Information given:
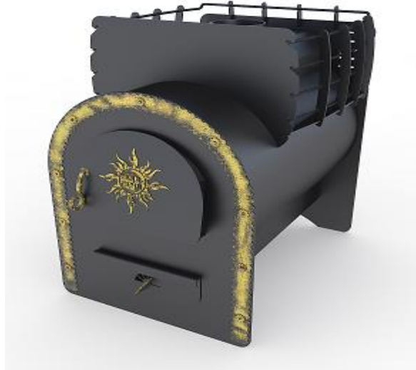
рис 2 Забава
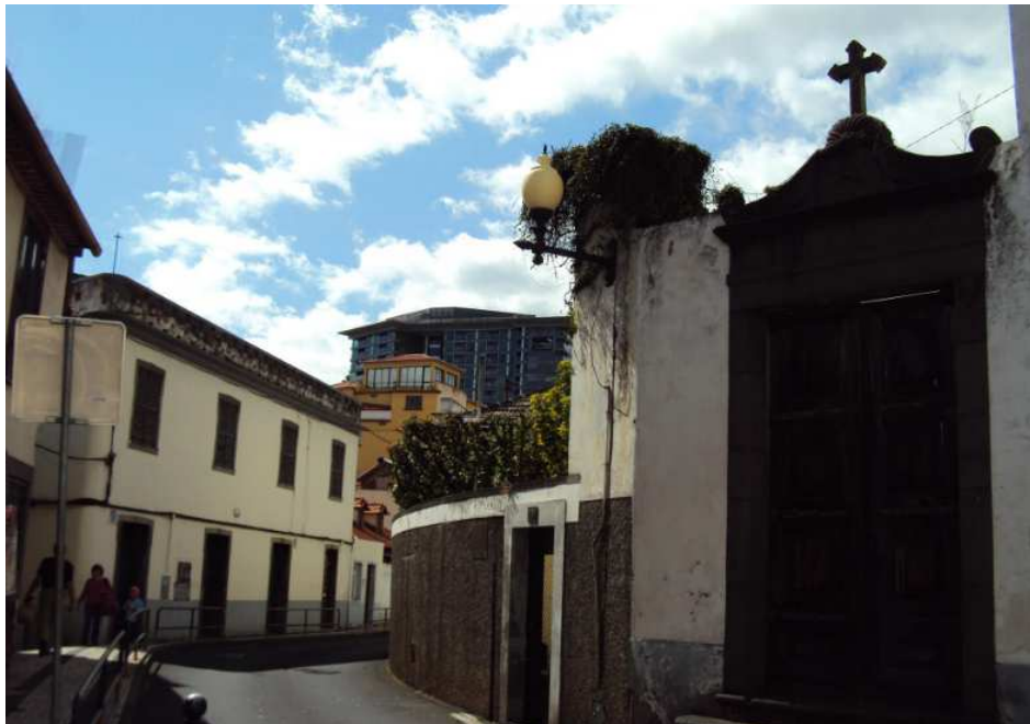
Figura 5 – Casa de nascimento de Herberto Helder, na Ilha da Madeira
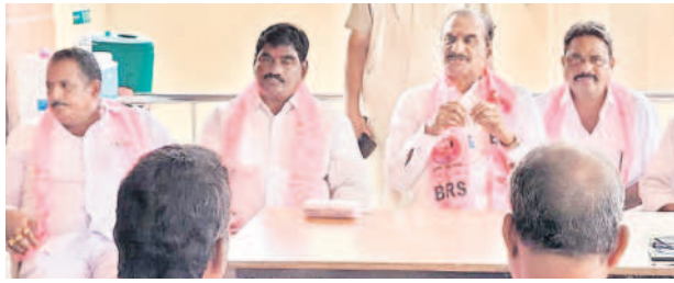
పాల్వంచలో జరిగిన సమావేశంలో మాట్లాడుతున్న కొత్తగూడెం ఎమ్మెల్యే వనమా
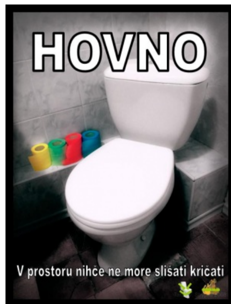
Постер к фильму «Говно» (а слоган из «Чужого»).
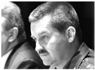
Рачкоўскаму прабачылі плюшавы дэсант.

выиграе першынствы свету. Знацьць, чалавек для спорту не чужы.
--
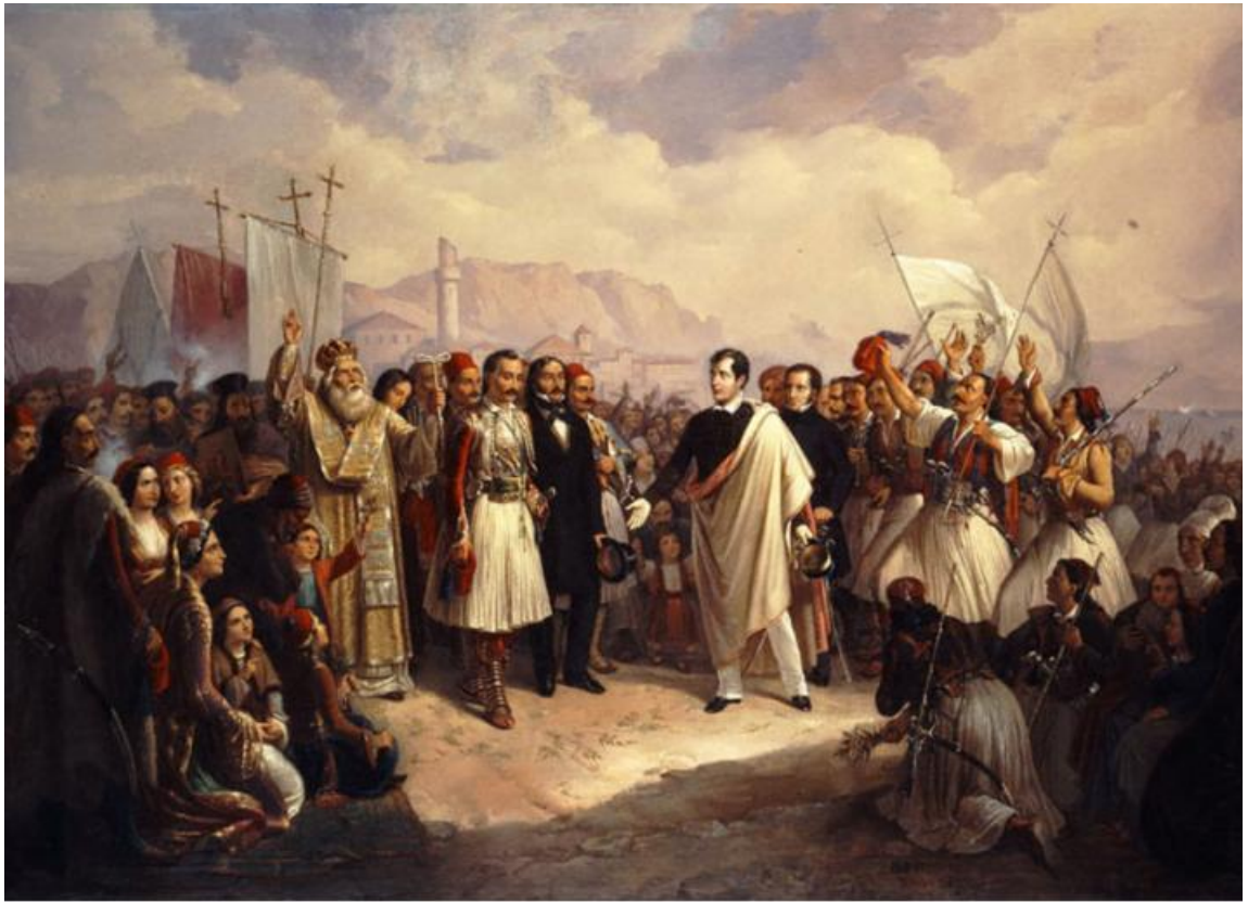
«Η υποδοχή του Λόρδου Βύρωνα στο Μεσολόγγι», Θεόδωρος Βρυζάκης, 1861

Aim of the task:
Leaving each picture behind, please give again exactly the lines above from the one with "рис 2 Забава" through the one with "выиграе першынствы свету.", both included, and no others.

Exercise solution:
рис 2 Забава
Figura 5 – Casa de nascimento de Herberto Helder, na Ilha da Madeira
పాల్వంచలో జరిగిన సమావేశంలో మాట్లాడుతున్న కొత్తగూడెం ఎమ్మెల్యే వనమా
Постер к фильму «Говно» (а слоган из «Чужого»).
Рачкоўскаму прабачылі плюшавы дэсант.

выиграе першынствы свету. Знацьць, чалавек для спорту не чужы.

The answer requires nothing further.